The struggle to meet a deadline quickly turns into a leisurely exploration of compassion in an age of horror. Nothing is left out; even such existential problems as biting and the nature of teeth come up for the pair’s philosophical musing: “teeth are the sources of a monstrous, unending, moral crisis for humans.” The comings and goings in Zacharia’s carnival tent steadily accelerate with the clownish appearances of Karl Marx, Gandhi, Stalin, and Stalin’s seamstress. God herself shows up. Passion and compassion battle it out through stories like that of Bishop Hopper, who was burned at the stake in England in 1555. The passionate did such a botched job at burning the man, the half-burned bishop had to lend a hand in his own immolation.

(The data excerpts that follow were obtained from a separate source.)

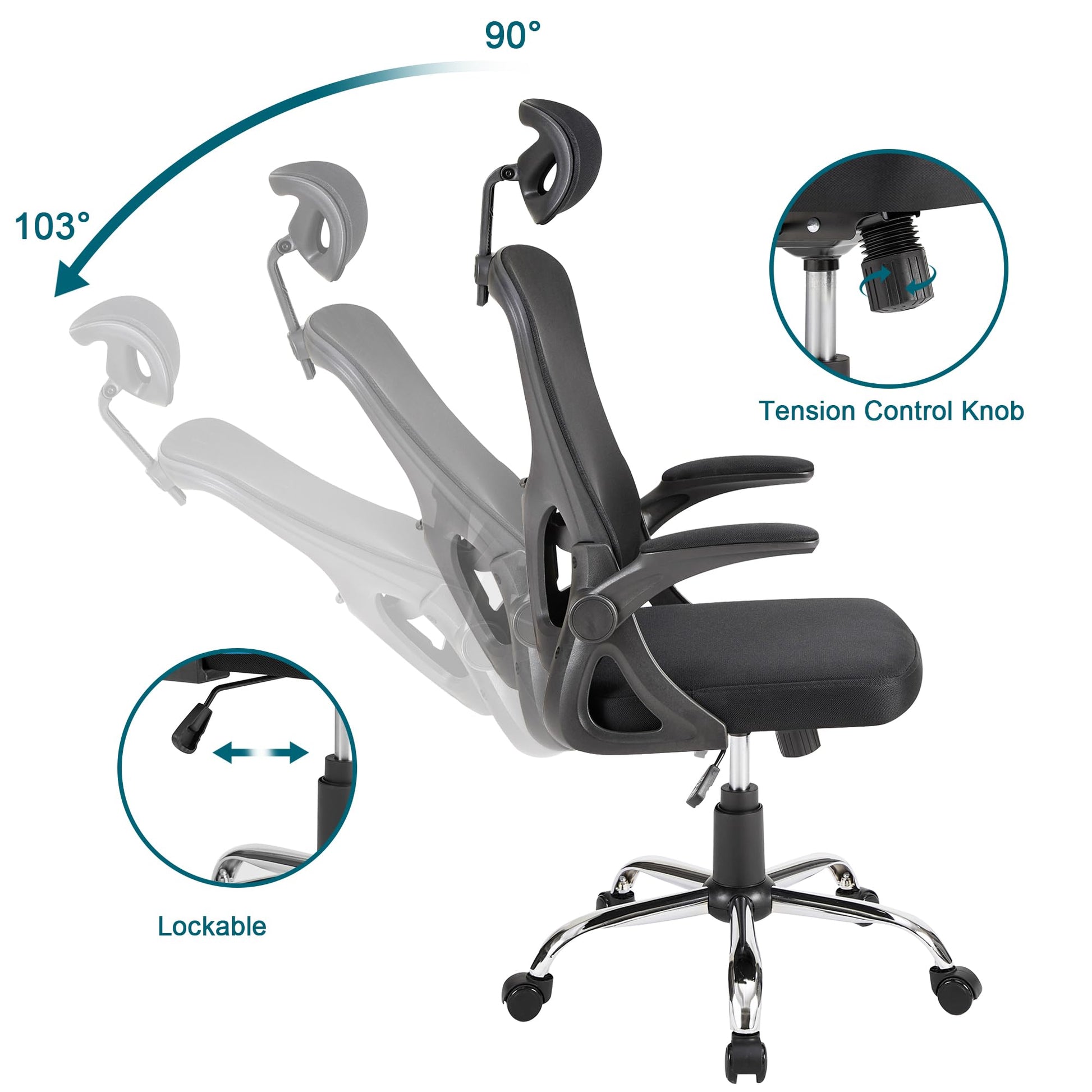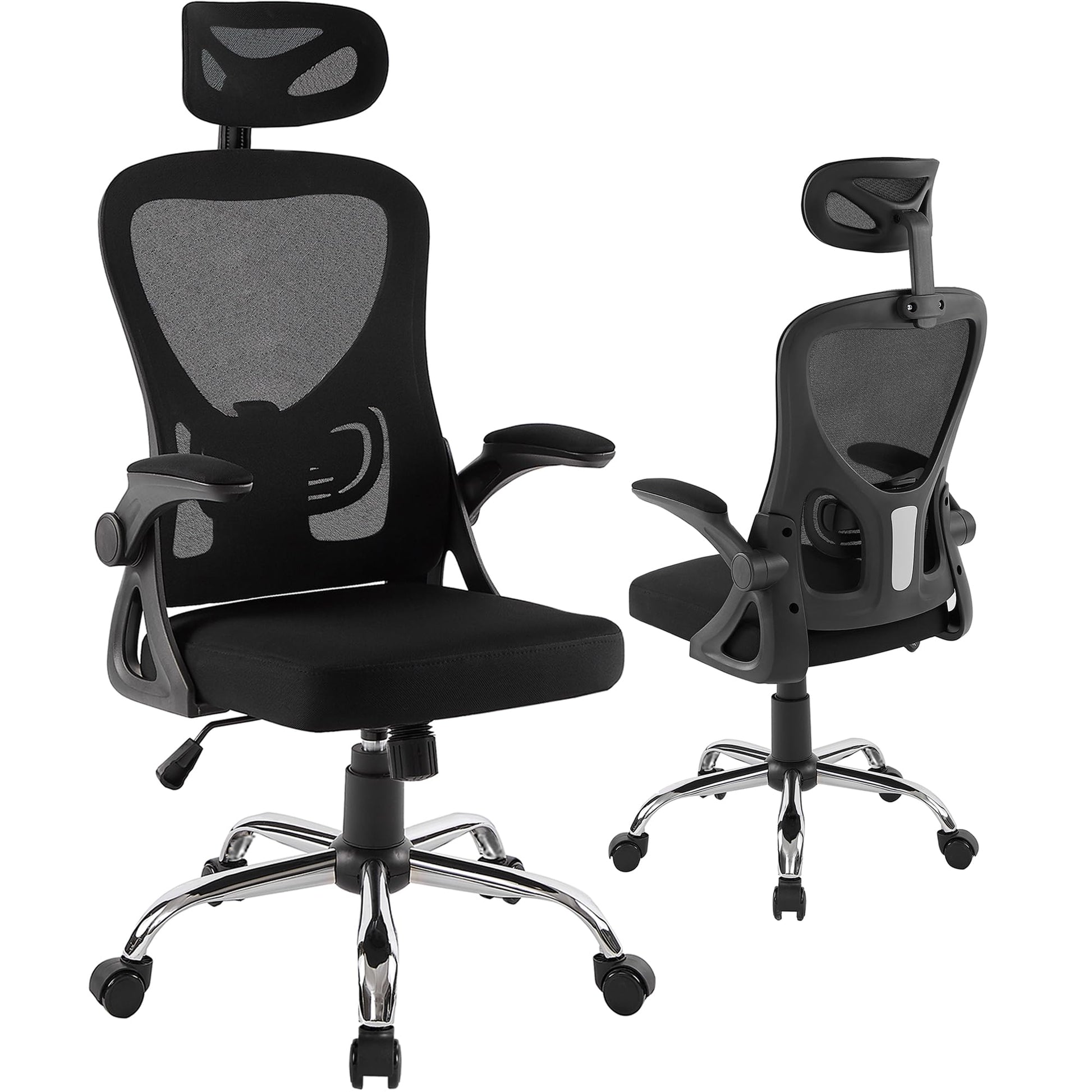 - Our mesh office chair high back provides adjustable height, headrest, and flip-up armrests. The adjustable backrest inclination of office computer chair ensures optimal back support. Customize your comfort with an adjustable range of 100° to 125° for this task office chair. The office chairs for back support smoothly slides beneath the desk to save space.
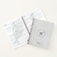 Un beau design monographique utilisant votre nom et initiale en forme de cercle classe. Une texture en faux lin gris dans l'arrière - plan aux accents noirs crée un style unique. Customisez le monogramme et le texte et faites-le votre propre livre de recettes. Fournitures de bureau et de papeterie d'école idéales. Autres couleurs de lin offertes dans ce design.
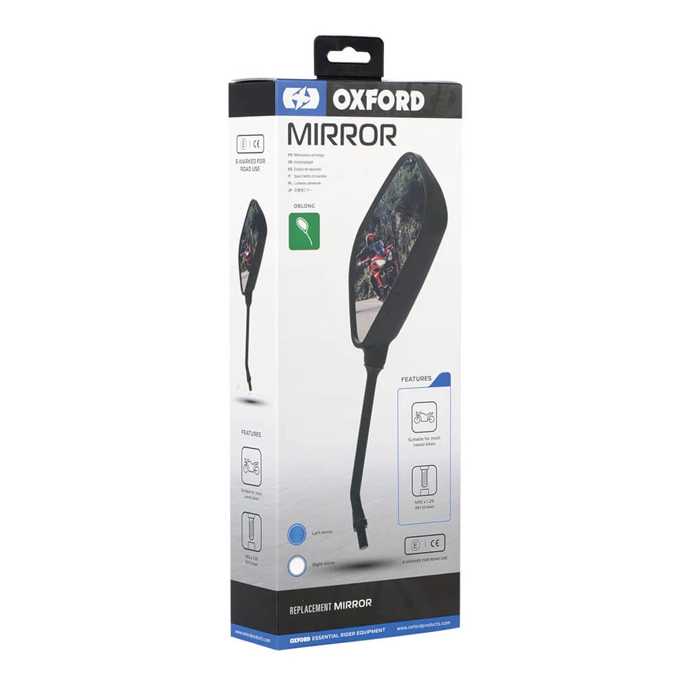 The Oxford Mirror Oblong Left is designed for compatibility with the majority of naked motorbikes, making it an ideal replacement mirror.
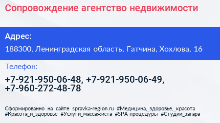 Сопровождение, агентство недвижимости по адресу 188300, Ленинградская область, Гатчина, Хохлова, 16 в дальнейшем Организация, размещена в следующих категориях:
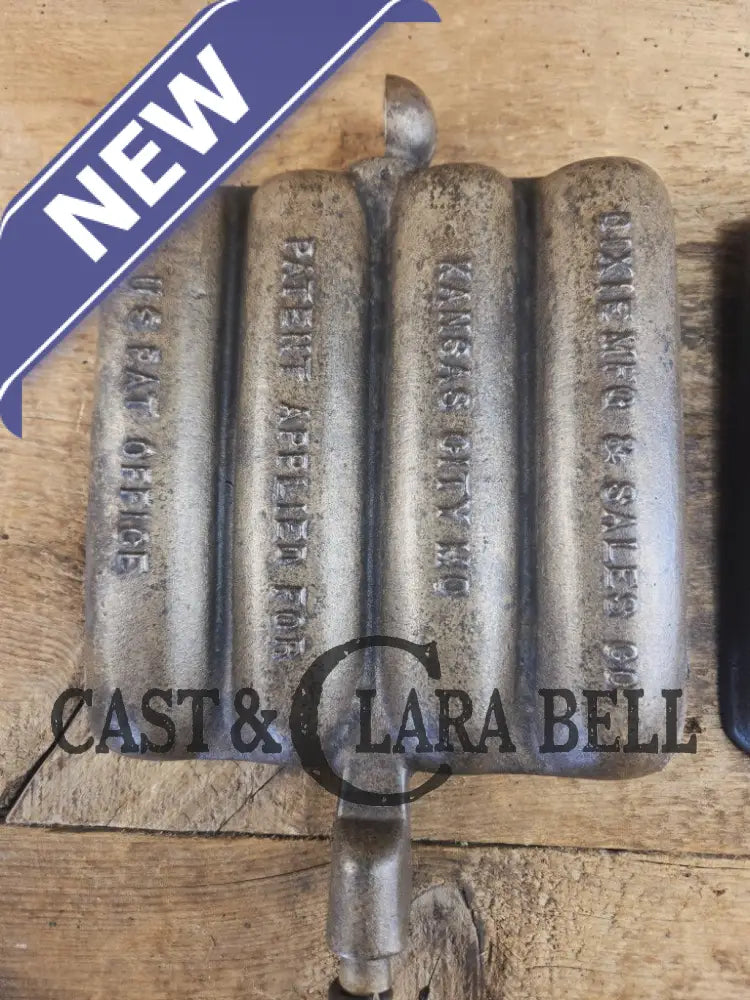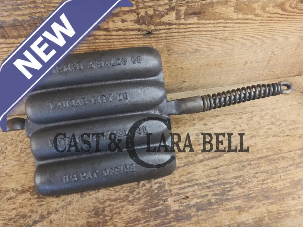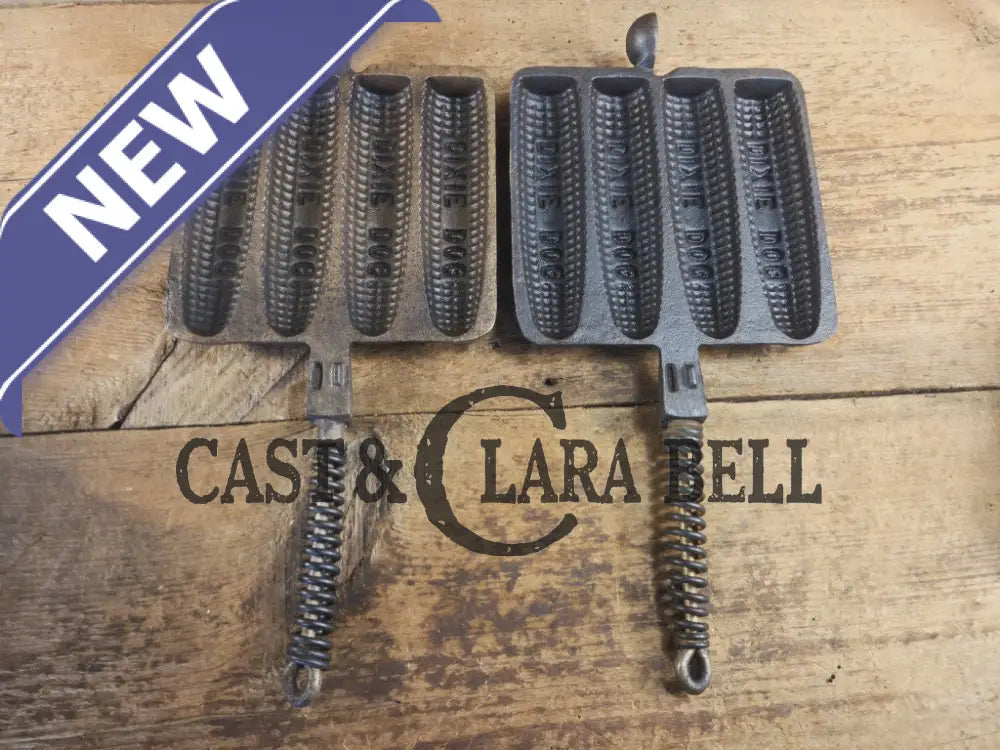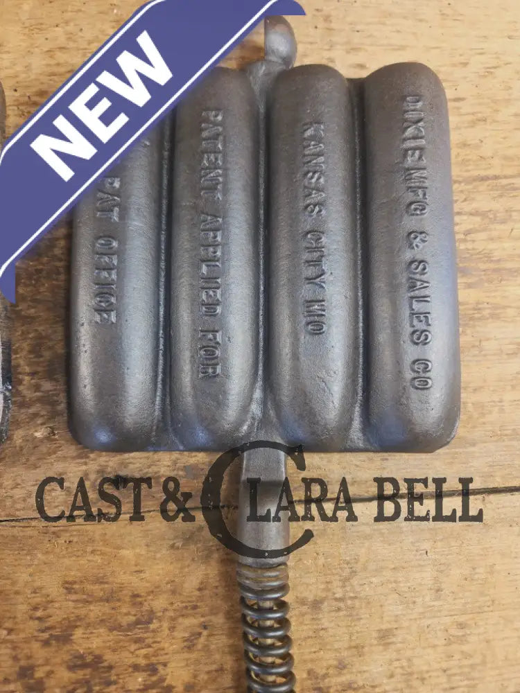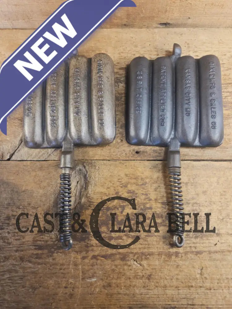 What a cool corn dog waffle iron to have! This piece came to us for a full restoration and we tried to keep as much of the original japanning on it that we could. The paddles and base are in great condition, and have a LOT of life in them. The base reminds us of a Wagner style square iron, and the handles have coil coils. We were super happy with the result, it is a beautiful character piece to have in your gourmet kitchen.

An endearing family narrative also emerges, almost a middle-class marriage story, all adding up to a vision of modernity. The statuette of Adam, Eve, and the Serpent is never out of sight, as is the vision of the lost garden of imagination, art, and music. Slowly we learn that all the vanished music is waiting to be rediscovered in the Valley of Lost Songs.

While the writerly collaboration between Pillai and Lord Spider forms the bulk of the novel, the writer’s wife, Rosi, claims it as a marriage story, especially after she joins the writing team and leaps up into the air on an eschatological flight of fancy, a group flight that will take them to the Valley of Lost Songs. Even her dog joins the flight. In the grand finale, Rosi also surprises Pillai, the hangman friend, by asking for the experience of hanging so that she may gain academic knowledge of death, death wishes, and mortality itself.

Although thematically different from Arundhati Roy’s The God of Small Things, the two novels share the geography and the disenchantment with the promise of what is increasingly known as the “Kerala Enlightenment.” Rich in descriptions of the land, the sky, flora, and fauna, biting and eating by the human animal form the core of the narrative, and much of the pleasure is derived from the relentless bubbling of small revelations and bons mots. One moment we hear that the greatest worry in death is “never knowing who the next Pope is,” and the next, we learn that an egg is an egg because of “its shape and oozy content want[ing] to roll about and be eaten and done with.” The anarchy of humor and horror that Paul Zacharia presents in A Secret History of Compassion renews the unique cosmicomic path for India’s flourishing English-language fiction, a path first blazed by G. V. Desani’s All About H. Hatterr.

Bradley University

A bilingual writer in English and Malayalam, Thomas Palakeel teaches creative writing and English Renaissance literature at Bradley University, in Peoria, Illinois.